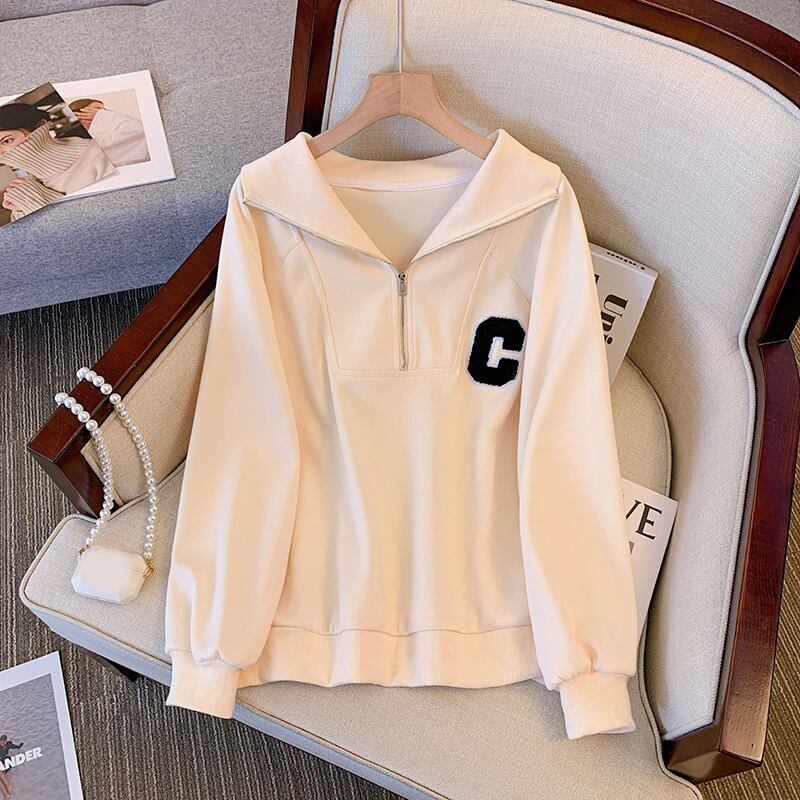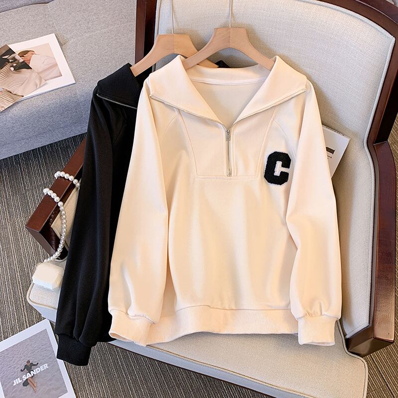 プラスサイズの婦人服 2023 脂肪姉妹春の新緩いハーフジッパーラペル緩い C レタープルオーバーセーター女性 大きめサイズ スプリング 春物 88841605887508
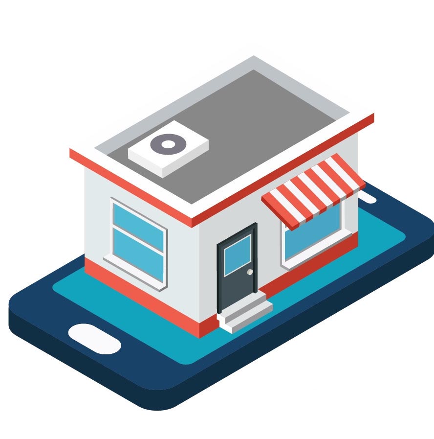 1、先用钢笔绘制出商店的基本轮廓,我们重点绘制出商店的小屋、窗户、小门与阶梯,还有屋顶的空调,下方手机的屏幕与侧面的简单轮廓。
...
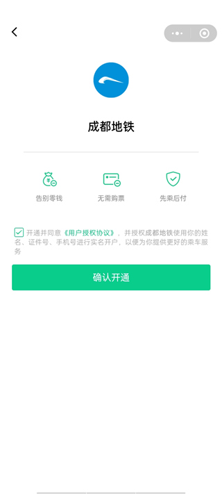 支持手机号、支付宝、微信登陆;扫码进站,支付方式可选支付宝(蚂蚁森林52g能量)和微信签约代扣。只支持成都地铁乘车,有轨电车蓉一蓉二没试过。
...
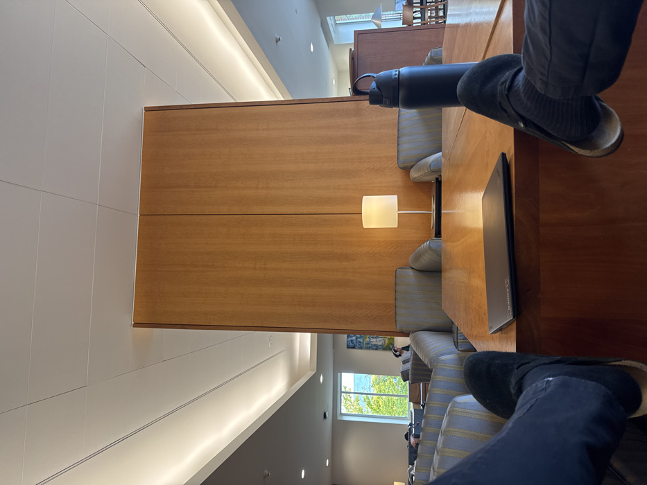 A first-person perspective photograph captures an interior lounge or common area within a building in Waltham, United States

• **Work instruction**
Using the entries above, transcribe exactly from the line that has "プラスサイズの婦人服 2023 脂肪姉妹春の新緩いハーフジッパーラペル緩い" through the line that has "1、先用钢笔绘制出商店的基本". Pictures are dropped.

• **Output for this task**
 プラスサイズの婦人服 2023 脂肪姉妹春の新緩いハーフジッパーラペル緩い C レタープルオーバーセーター女性 大きめサイズ スプリング 春物 88841605887508
 1、先用钢笔绘制出商店的基本轮廓,我们重点绘制出商店的小屋、窗户、小门与阶梯,还有屋顶的空调,下方手机的屏幕与侧面的简单轮廓。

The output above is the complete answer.